BANDA ACEH-  Aktivis anti korupsi mengharapkan pelapor kasus penyeludupan uang di Dispora ini melapor secara resmi kepada tim penyidik. Hal ini dikatakan Alfian, koordinator Masyarakat Transparansi Aceh ( MaTA), Selasa, 13 Oktober 2015.

“Pertama kali kita berharap informasi dari orang dalam ini, jika benar, orang dalam tersebut memberikan laporan resmi ke tim penyidik. Pelapor ini tentunya akan dilindungi. Sekarang masalahnya orang pelapornya tidak mau terbuka. Jika ada orang yang melaporkan kami akan melindungi identitas pelapor,” kata Alfian saat dihubungi portalsatu.com siang tadi.

Kata dia, pihaknya belum bisa menindaklanjuti karena belum tahu siapa yang harus untuk dikoordinasi terkait hal ini. Jika memang benar, menurut Alfian, kasus ini termasuk kejahatan kemanusiaan korupsi.

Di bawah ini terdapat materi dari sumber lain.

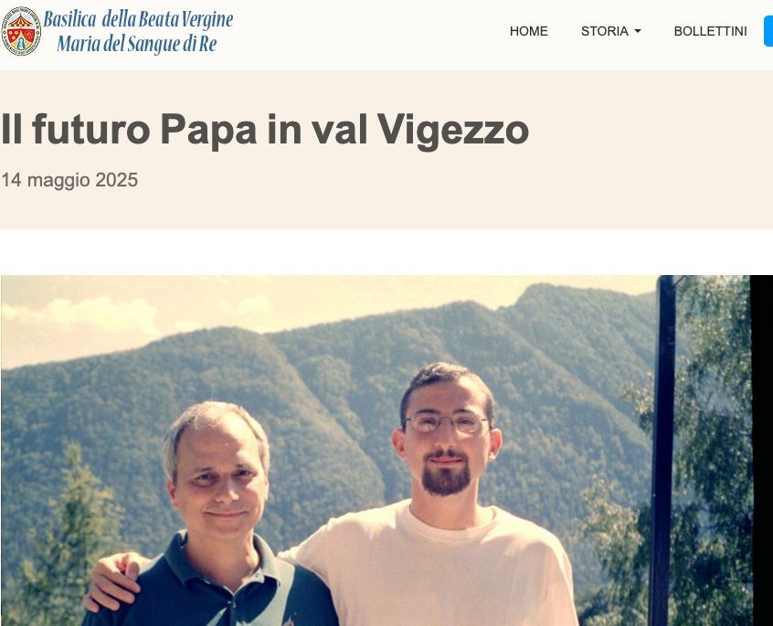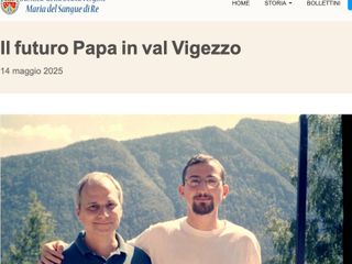 "Era il 23 agosto del 2005. Michele Falcone, allora novizio presso l'Ordine degli Agostiniani, mi aveva annunciato che quel giorno sarebbe venuto a celebrare in parrocchia a Toceno, dove ero Parroco, il suo Priore Generale, un americano. Prima di messa, nel tardo pomeriggio, attendendoli, uscii sotto il portico della parrocchiale e vidi Michele seduto al tavolino del bar con un signore distinto, intento a consumare una bevanda. Mi chiamò, avvicinandomi disse: "Ti presento padre Robert, il mio superiore". Mi colpirono subito il sorriso ed il garbo dei suoi modi. Ancor di più m'impressionò la sua umiltà: declinò la mia proposta di presiedere la Messa e concelebrò, mentre io presiedevo. Un altro particolare è ancor più eloquente. In quel tempo avevo l'abitudine d'inserire la recita dei Vespri nella celebrazione dell'Eucarestia; ricordo ancora che aveva portato con sé il libro della Liturgia delle Ore per partecipare a tutta la funzione. Rimasi meravigliato: un Superiore Generale di un ordine religioso, che contava più di duemila persone, si adattava con docilità alla gestione di un semplice parroco di montagna. Fui molto edificato dai modi gentili di quel religioso. Intuivo che l'affabilità discreta del comportamento era frutto di di un'intensa vita spirituale. Padre Michele, in seguito, mi disse che il soggiorno di padre Robert a Toceno si svolse dal 22 al 25 agosto. Durante quei giorni ebbe modo di compiere alcune escursioni in montagna e soprattutto di visitare il Santuario della Madonna del Sangue qui a Re. Quando nel tardo pomeriggio di giovedì 8 maggio il cardinale Robert Prevost, eletto Papa col nome di Leone XIV, è apparso alla loggia della Basilica di San Pietro, ho letto la sua biografia e, subito, mi sono ricordato di quell'incontro”.

“Kita amati selama ini, jika dilihat dari sistem tata kelola manajemen di Pemerintah Aceh sangat longgar dan sangat rawan. Potensi ini bisa saja terjadi, apalagi persolan jabatan ini bukan sistem audiensi tetapi model tunjuk-tunjuk, ini sangat kelihatan,” ujarnya.

Namun penegak hukum, menurutnya, belum bisa menindaklanjuti juga terkait kasus ini karena tidak tahu harus konfirmasi kemana karena harus ada pembuktian.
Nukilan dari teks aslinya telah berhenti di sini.